* Task to carry out
Return only these lines: the one that contains "固特不锈钢4寸子母合页免开槽" and every line after it through the end of the listing, exactly, without pictures.

+++++

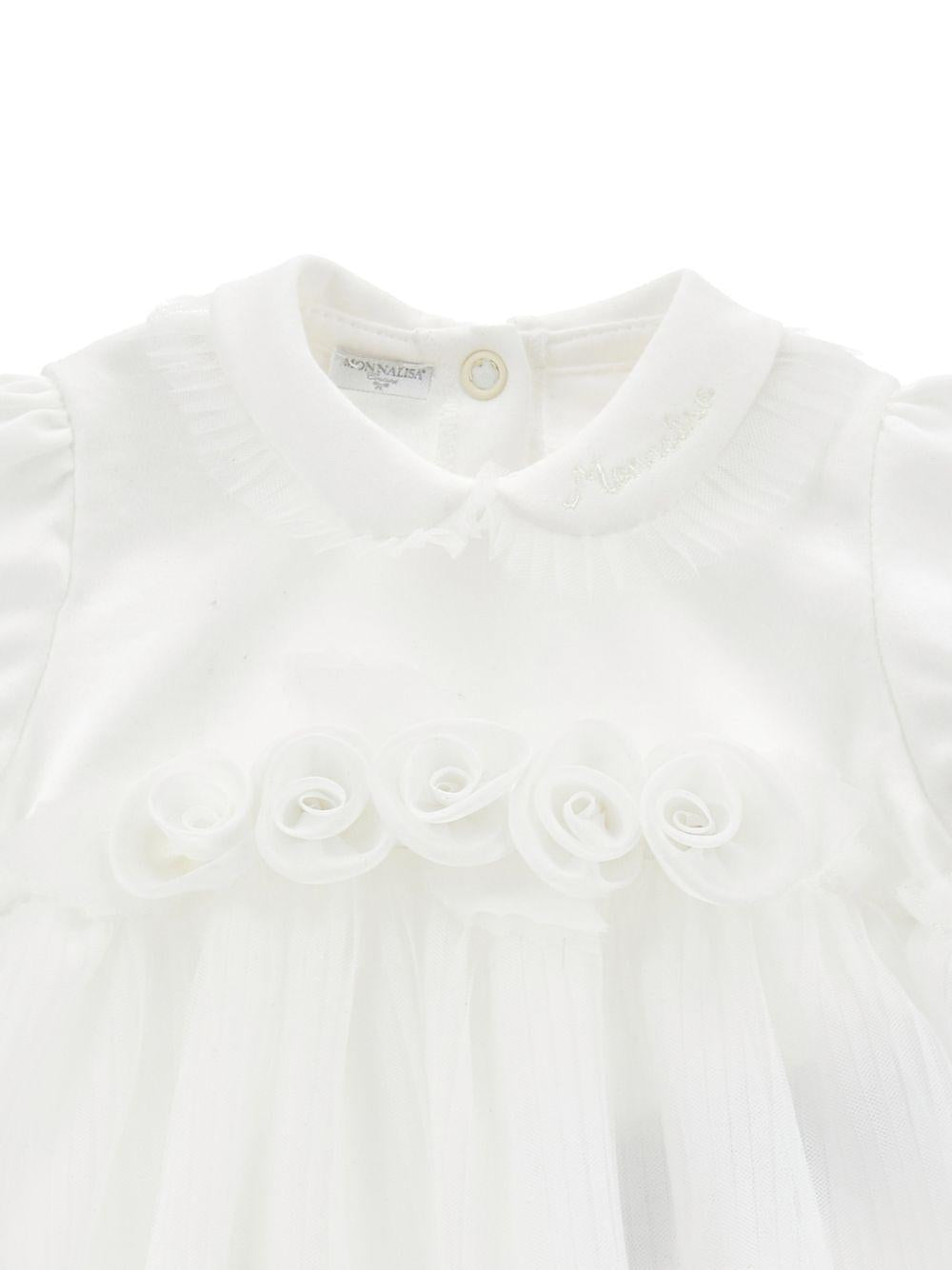 The Monnalisa white baby girl dress with pink detail is available on the RubinoKids.com online store. Made of 100% cotton, it features a white color, a pink detail, a tulle hem, short sleeves, a button closure, and a pleated skirt. Available in various sizes, it is part of the Monnalisa 24/48h collection for Italy.
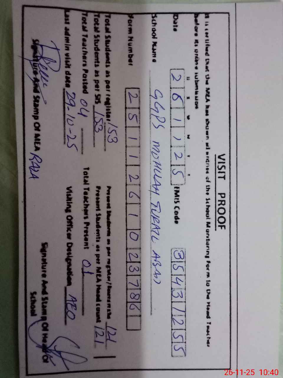 | Attendance Register | Head Teacher | MEA with School | Visit Proof |
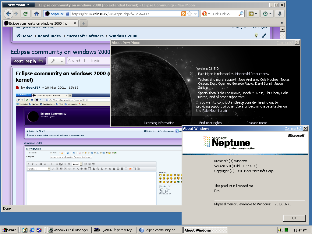 Eclipse community on windows 2000 (no extended kernel)
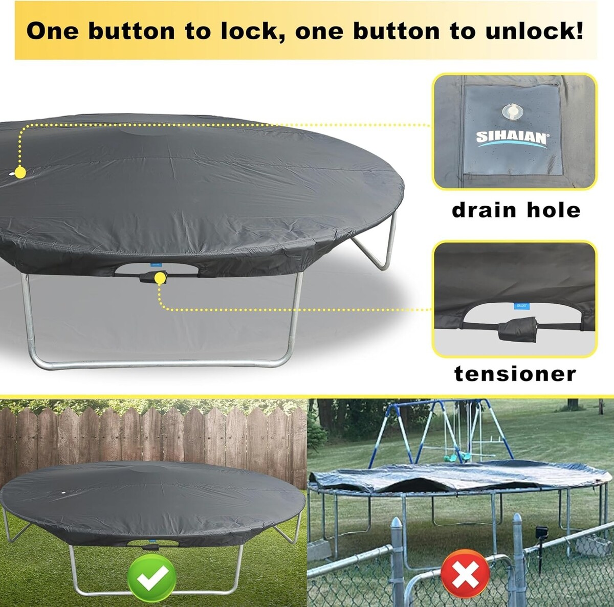 Round Trampoline Weather Rain Protective Cover 14 Ft Trampoline Cover 8-16 Ft
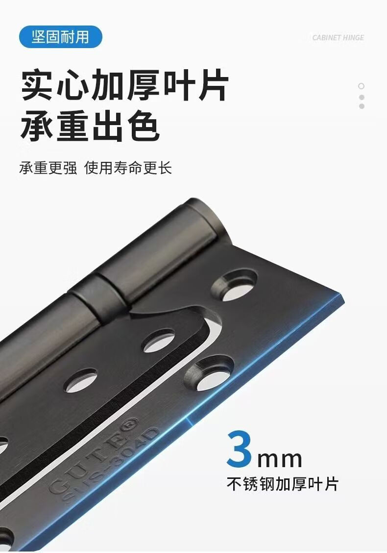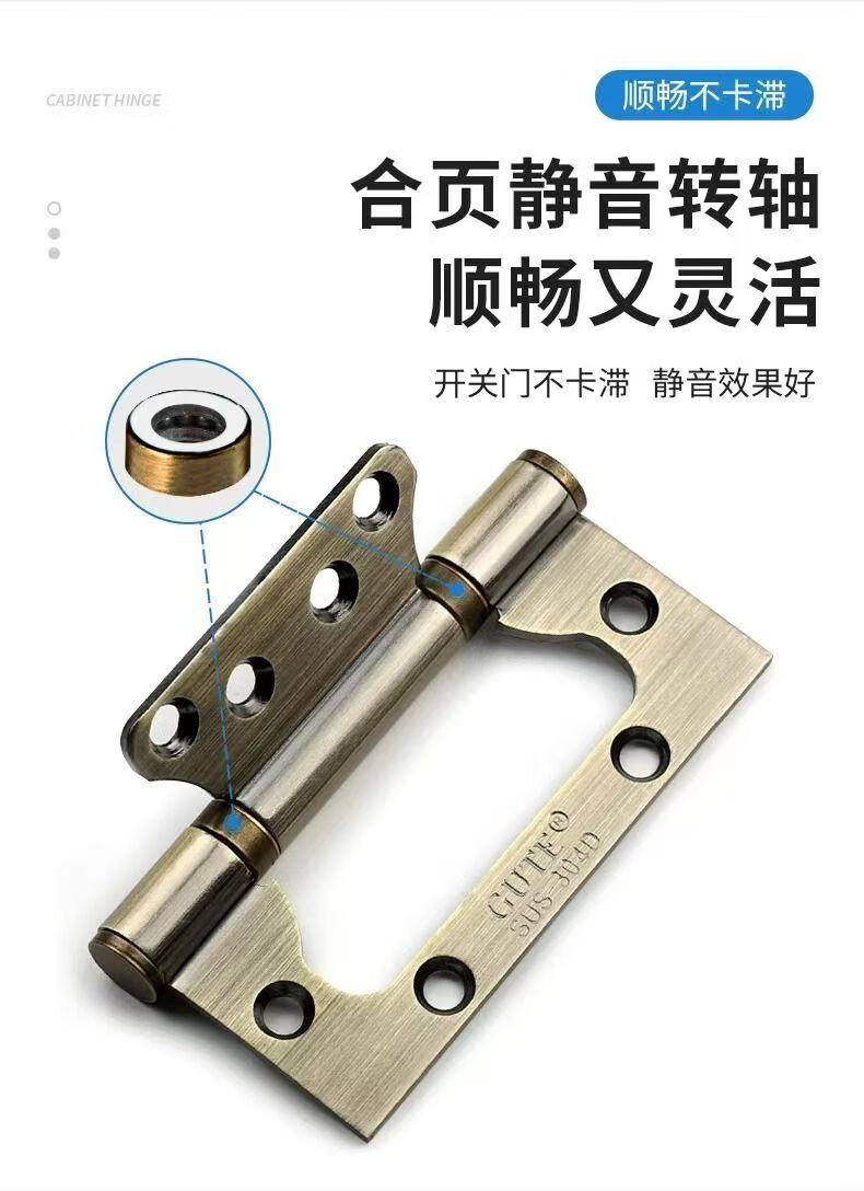 固特不锈钢4寸子母合页免开槽室内房门木门柜门活页铰链 【拉丝钢】4寸-2.5不锈钢丨一片价
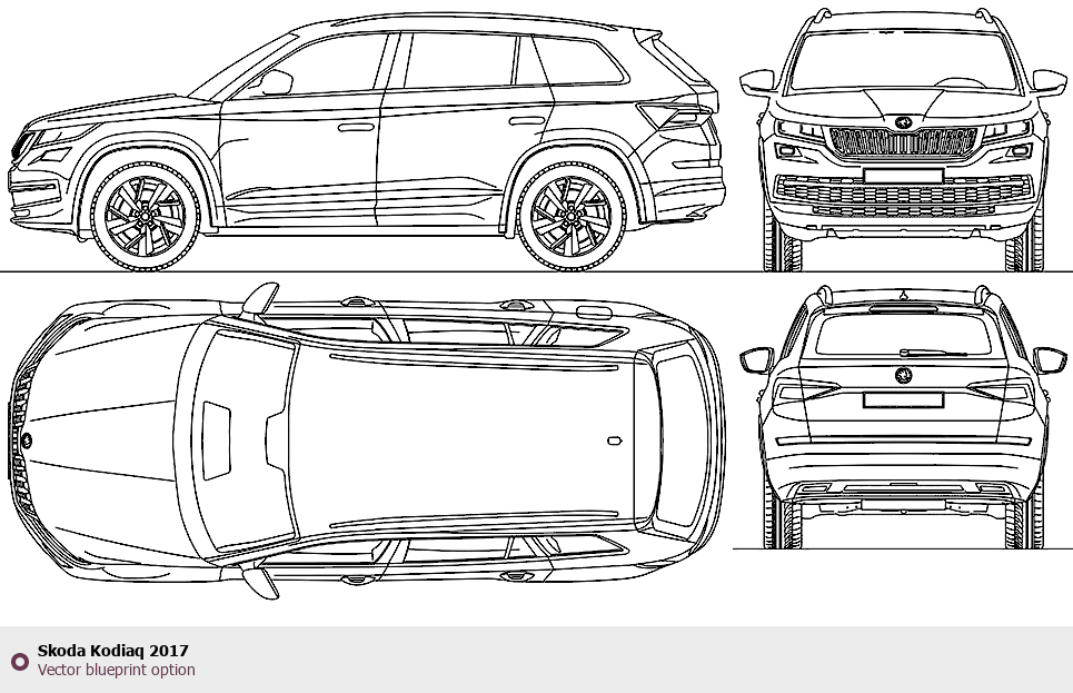 Raster blueprint of the 2017 Skoda Kodiaq SUV. This free downloadable image can be used for graphic projects, digital design, and 3D modeling. The file provides accurate exterior proportions of the vehicle. Model year: 2017. Body type: SUV.

+++++

* Response area
 固特不锈钢4寸子母合页免开槽室内房门木门柜门活页铰链 【拉丝钢】4寸-2.5不锈钢丨一片价
 Raster blueprint of the 2017 Skoda Kodiaq SUV. This free downloadable image can be used for graphic projects, digital design, and 3D modeling. The file provides accurate exterior proportions of the vehicle. Model year: 2017. Body type: SUV.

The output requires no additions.